▶ [EXERCISE]
With both ends included, repeat exactly the lines of the entries below from the one containing "This is one" down to the one containing "Observation de la", and no others.

*** DATA SECTION Section Begins ***

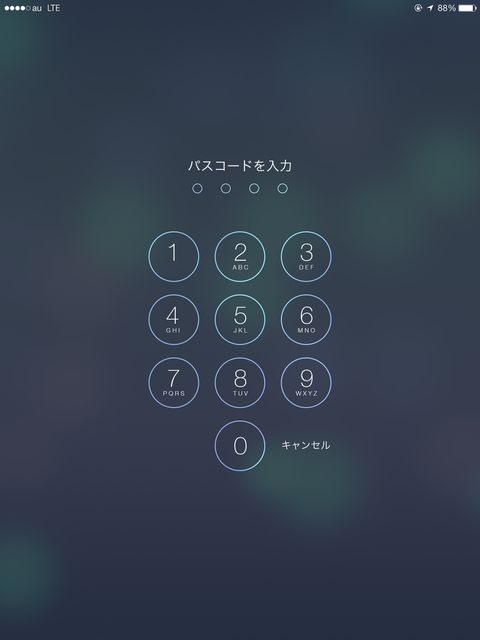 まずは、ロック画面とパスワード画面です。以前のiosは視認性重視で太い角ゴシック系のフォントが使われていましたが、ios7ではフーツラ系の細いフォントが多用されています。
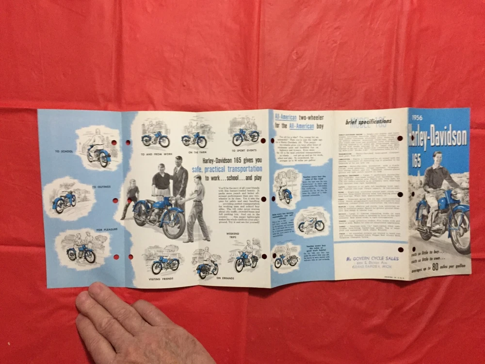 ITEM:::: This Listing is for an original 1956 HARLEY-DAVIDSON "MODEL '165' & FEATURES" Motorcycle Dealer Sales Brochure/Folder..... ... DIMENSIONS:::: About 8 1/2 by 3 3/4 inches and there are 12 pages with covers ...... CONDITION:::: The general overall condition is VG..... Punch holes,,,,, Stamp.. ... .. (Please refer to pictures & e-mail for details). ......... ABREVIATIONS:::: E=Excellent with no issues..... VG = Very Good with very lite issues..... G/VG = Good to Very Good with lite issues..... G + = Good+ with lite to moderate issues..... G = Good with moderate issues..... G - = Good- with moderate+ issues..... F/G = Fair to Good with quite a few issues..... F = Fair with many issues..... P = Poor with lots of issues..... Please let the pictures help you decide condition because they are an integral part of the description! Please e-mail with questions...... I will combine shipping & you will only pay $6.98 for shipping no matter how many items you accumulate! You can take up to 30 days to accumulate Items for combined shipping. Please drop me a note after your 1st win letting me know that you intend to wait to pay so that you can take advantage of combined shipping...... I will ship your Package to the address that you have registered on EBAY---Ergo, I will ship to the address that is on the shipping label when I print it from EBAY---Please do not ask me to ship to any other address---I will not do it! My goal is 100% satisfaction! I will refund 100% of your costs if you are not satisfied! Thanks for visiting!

*** DATA SECTION Section Ends ***
*** DATA SECTION Section Begins ***

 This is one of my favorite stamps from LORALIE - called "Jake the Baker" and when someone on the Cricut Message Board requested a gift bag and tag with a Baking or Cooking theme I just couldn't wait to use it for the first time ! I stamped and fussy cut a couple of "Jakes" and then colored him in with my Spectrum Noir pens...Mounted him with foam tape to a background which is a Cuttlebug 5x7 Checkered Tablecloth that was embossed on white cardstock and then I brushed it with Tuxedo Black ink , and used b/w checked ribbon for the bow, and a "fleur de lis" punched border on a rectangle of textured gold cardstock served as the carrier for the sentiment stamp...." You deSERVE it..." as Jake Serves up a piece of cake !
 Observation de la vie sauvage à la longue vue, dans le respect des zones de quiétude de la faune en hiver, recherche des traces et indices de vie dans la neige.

*** DATA SECTION Section Ends ***

▶ [COMPLETED TASK]
 This is one of my favorite stamps from LORALIE - called "Jake the Baker" and when someone on the Cricut Message Board requested a gift bag and tag with a Baking or Cooking theme I just couldn't wait to use it for the first time ! I stamped and fussy cut a couple of "Jakes" and then colored him in with my Spectrum Noir pens...Mounted him with foam tape to a background which is a Cuttlebug 5x7 Checkered Tablecloth that was embossed on white cardstock and then I brushed it with Tuxedo Black ink , and used b/w checked ribbon for the bow, and a "fleur de lis" punched border on a rectangle of textured gold cardstock served as the carrier for the sentiment stamp...." You deSERVE it..." as Jake Serves up a piece of cake !
 Observation de la vie sauvage à la longue vue, dans le respect des zones de quiétude de la faune en hiver, recherche des traces et indices de vie dans la neige.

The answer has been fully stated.